None of them seemed to be able to work out just how to get the 100 and some thought it was on the instalment plan and if they transacted enough times with the bank they'd get another 50. It would boggle the mind of the cleverest student, so it would.
The exotic dancer element was simpler. Join up and you got to go to this club one afternoon to see the girls in action. Susan McKay of the National Women's Council got furious about the idea of peddling women to young male students and said exotic dancing was part of a continuum that included porn and prostitution. She's not wrong. But the odd thing was the timing. Three in the afternoon? I know 17-year-old lads think of sex all the time, but a tea-dance approach to it is new.
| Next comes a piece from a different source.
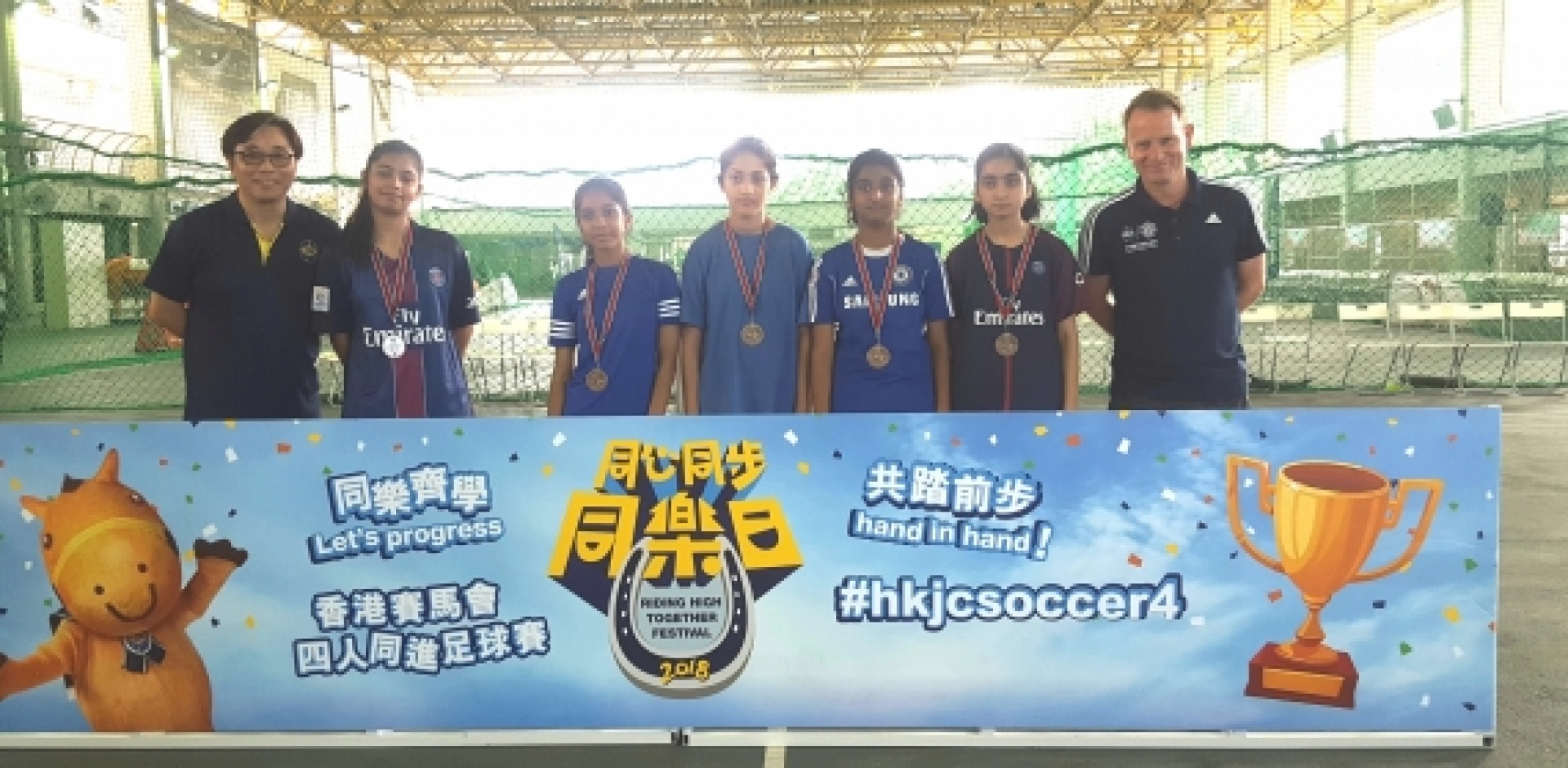 本校女子足球隊於復活節期間參加了由香港賽馬會,曼聯足球學校及香港足球總會合辦的"四人同進足球賽"(HKJC Soccer 4),並入圍碗賽(School Girls Riding High Bowl),勇奪季軍。

It's not been established what 17-year-old female students were going to get if they signed up with the bank. No doubt the marketing people have an offer of matching seductiveness. Or maybe girls are easier to get. As banking customers, of course.
The thing the marketing gurus don't seem to have had is a grip on the behaviour pattern of 17-year-old males still living at home. Their bedrooms are like public dumps. Their mothers are constantly trying to tidy them. When they toss opened documentation in among the rest of the grot, the mammy is going to find it. If it offers the son an exotic dancer or two, the mammy is going to get good and livid. And when a mammy gets good and livid, she talks to Joe.
Cancellation
Once Joe had exposed the exotic dancer issue, Ulster Bank, God love them, retreated so fast they left scorch marks on the carpet. They will have a lifelong relationship with students, but it won't start with afternoon exotica. Perish the thought.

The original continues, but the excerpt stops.